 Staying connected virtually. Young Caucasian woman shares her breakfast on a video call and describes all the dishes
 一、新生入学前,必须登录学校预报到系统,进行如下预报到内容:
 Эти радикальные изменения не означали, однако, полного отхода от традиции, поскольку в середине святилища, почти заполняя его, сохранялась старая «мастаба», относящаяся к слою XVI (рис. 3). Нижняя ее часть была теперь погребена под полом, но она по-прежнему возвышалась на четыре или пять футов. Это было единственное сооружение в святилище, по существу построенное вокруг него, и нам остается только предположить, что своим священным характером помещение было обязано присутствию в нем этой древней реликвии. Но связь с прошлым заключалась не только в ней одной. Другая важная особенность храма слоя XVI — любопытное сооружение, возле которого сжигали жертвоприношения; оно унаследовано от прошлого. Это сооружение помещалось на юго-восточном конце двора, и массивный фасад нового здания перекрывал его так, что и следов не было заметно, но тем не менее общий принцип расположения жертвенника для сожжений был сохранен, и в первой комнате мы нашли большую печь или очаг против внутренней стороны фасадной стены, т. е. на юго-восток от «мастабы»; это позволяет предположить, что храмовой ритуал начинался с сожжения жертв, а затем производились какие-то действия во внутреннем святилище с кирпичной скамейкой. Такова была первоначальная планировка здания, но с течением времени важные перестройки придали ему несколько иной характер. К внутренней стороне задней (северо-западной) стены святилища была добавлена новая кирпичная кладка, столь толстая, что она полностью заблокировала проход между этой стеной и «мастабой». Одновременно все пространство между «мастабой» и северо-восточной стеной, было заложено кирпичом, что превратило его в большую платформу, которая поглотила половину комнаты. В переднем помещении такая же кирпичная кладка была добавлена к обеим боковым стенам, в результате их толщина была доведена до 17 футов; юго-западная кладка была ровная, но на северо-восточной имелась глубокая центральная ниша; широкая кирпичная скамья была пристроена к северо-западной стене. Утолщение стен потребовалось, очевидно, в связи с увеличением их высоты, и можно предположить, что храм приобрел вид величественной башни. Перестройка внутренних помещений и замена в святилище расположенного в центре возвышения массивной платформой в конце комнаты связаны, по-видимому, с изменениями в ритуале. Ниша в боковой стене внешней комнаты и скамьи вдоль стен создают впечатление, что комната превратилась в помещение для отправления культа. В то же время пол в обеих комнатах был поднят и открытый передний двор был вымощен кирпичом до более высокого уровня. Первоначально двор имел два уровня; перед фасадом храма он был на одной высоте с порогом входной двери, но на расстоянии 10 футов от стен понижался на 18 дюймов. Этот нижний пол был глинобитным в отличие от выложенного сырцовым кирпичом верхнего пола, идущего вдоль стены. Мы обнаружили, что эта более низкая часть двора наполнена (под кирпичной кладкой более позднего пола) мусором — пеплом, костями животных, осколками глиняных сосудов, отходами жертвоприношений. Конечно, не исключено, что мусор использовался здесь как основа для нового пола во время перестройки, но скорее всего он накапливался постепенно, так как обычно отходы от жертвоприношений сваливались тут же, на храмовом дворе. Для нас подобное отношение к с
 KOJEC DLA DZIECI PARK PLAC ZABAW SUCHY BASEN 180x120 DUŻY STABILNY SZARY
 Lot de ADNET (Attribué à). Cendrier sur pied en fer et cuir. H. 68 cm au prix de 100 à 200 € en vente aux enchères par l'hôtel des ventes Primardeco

▶ [AIM OF THE TASK] Start at the line containing "KOJEC DLA DZIECI" and copy each line through the last one in the records, exactly and with nothing added.

▶ [EXPECTED ANSWER]
 KOJEC DLA DZIECI PARK PLAC ZABAW SUCHY BASEN 180x120 DUŻY STABILNY SZARY
 Lot de ADNET (Attribué à). Cendrier sur pied en fer et cuir. H. 68 cm au prix de 100 à 200 € en vente aux enchères par l'hôtel des ventes Primardeco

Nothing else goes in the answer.